What you have to do ::
Beginning at the line that contains "Проект одноэтажного дома", reproduce the entries below exactly, ending with the line that contains "This means 91%". Omit each picture.

Record extracts ::

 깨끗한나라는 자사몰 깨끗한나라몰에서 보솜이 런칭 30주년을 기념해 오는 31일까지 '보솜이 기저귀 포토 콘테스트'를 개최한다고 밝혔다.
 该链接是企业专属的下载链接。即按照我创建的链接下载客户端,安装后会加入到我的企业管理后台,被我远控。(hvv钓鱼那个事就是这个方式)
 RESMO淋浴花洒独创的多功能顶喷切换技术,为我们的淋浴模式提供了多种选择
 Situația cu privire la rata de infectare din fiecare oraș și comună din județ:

==

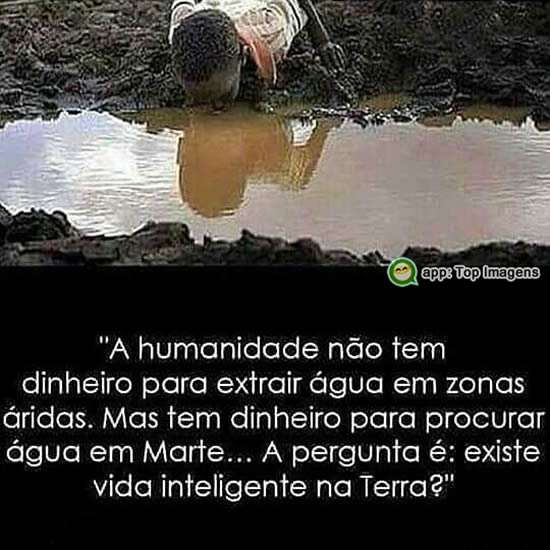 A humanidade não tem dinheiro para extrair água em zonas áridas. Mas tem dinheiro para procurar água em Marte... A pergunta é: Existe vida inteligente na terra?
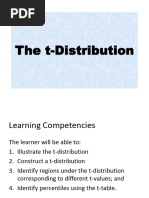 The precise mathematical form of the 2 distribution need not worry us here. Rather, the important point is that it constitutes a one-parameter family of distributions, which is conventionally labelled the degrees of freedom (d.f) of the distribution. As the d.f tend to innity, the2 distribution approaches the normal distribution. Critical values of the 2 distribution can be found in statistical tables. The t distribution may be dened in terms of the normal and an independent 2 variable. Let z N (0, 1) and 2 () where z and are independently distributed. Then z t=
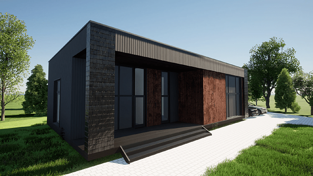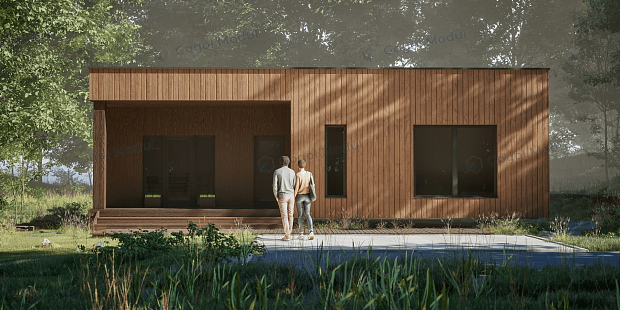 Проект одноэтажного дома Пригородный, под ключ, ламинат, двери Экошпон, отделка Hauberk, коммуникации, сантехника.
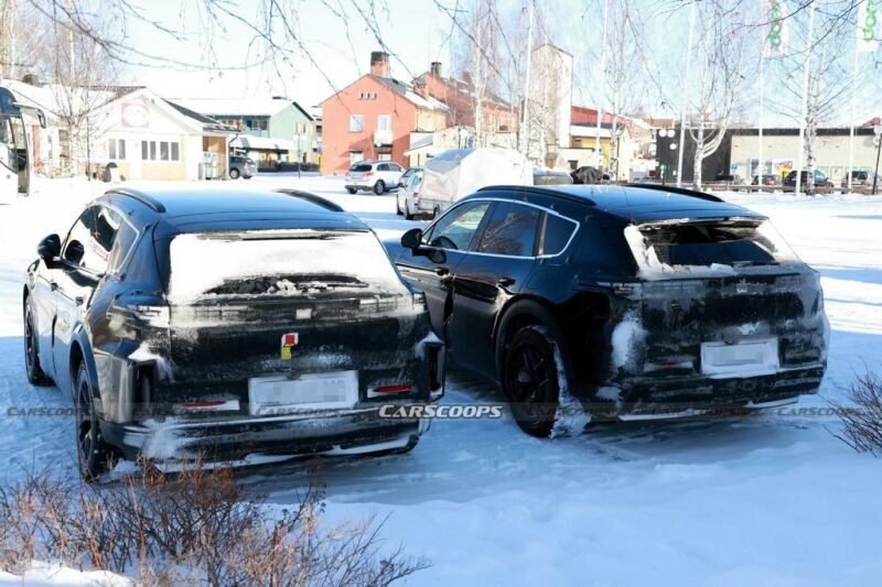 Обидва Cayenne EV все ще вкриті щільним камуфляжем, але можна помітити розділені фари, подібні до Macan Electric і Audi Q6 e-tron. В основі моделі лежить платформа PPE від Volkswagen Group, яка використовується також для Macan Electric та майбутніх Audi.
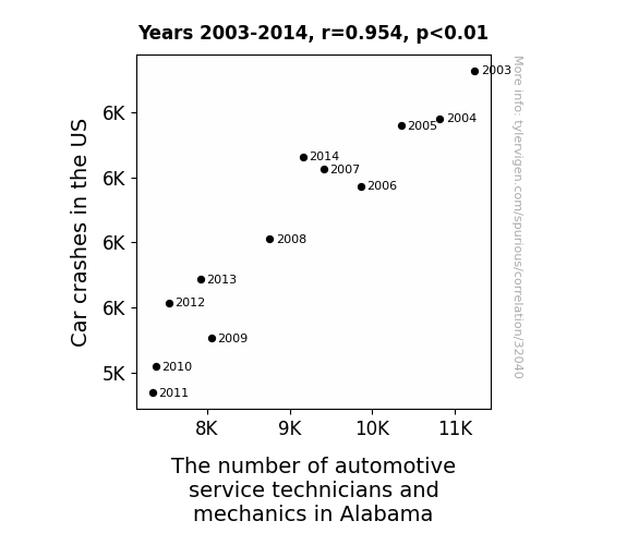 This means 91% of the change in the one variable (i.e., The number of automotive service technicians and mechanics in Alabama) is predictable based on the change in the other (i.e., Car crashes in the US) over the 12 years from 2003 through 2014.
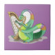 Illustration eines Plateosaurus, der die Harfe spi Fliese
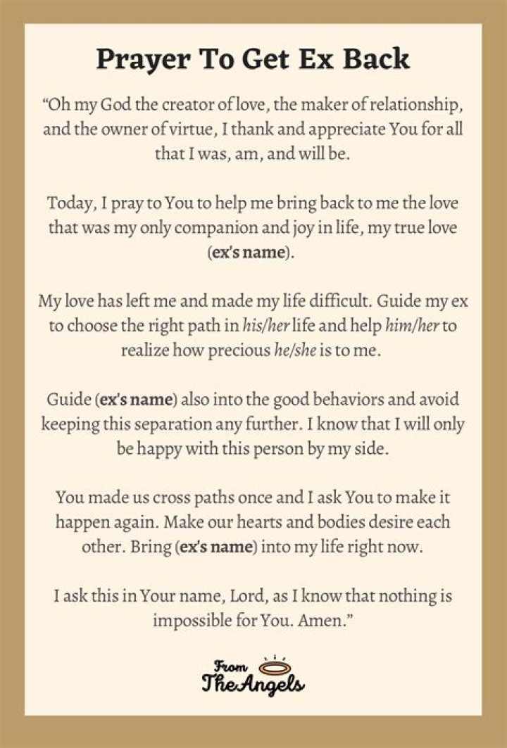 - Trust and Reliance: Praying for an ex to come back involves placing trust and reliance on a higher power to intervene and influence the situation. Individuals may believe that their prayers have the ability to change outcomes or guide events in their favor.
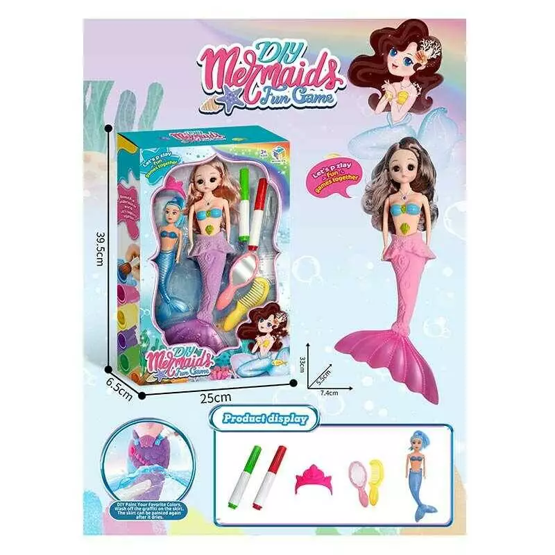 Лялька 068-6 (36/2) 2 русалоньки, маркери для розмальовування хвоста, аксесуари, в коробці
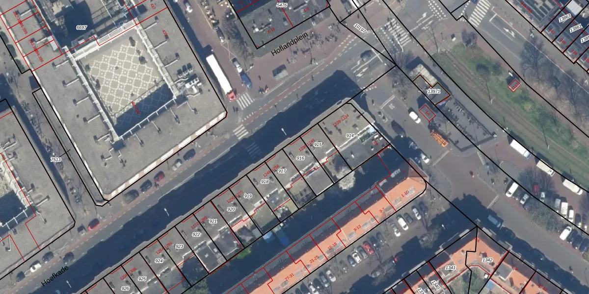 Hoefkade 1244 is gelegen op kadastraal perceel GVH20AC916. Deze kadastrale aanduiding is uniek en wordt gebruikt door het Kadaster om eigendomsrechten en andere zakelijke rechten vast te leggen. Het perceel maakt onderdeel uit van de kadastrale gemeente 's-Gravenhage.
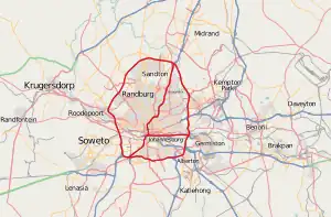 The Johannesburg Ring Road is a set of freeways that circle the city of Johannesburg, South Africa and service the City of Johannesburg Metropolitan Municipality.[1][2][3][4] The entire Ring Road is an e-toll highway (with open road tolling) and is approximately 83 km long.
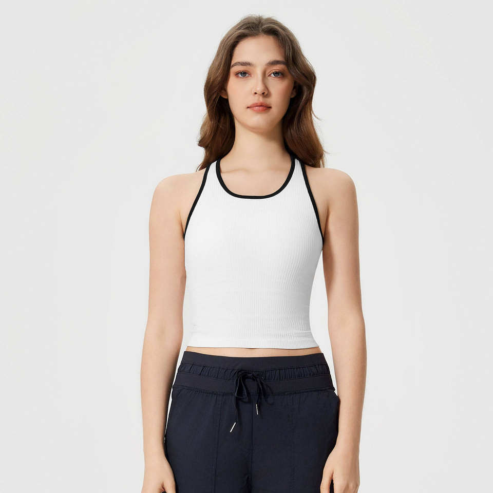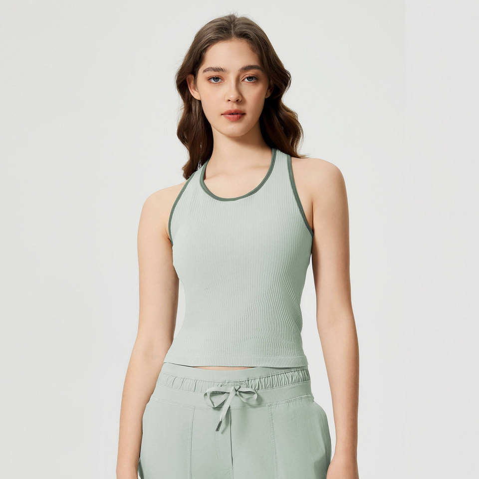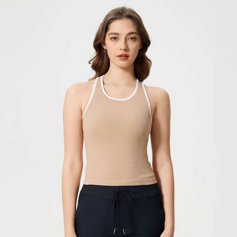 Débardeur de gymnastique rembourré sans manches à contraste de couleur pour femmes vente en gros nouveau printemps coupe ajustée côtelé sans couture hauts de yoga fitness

Solution ::
 Проект одноэтажного дома Пригородный, под ключ, ламинат, двери Экошпон, отделка Hauberk, коммуникации, сантехника.
 Обидва Cayenne EV все ще вкриті щільним камуфляжем, але можна помітити розділені фари, подібні до Macan Electric і Audi Q6 e-tron. В основі моделі лежить платформа PPE від Volkswagen Group, яка використовується також для Macan Electric та майбутніх Audi.
 This means 91% of the change in the one variable (i.e., The number of automotive service technicians and mechanics in Alabama) is predictable based on the change in the other (i.e., Car crashes in the US) over the 12 years from 2003 through 2014.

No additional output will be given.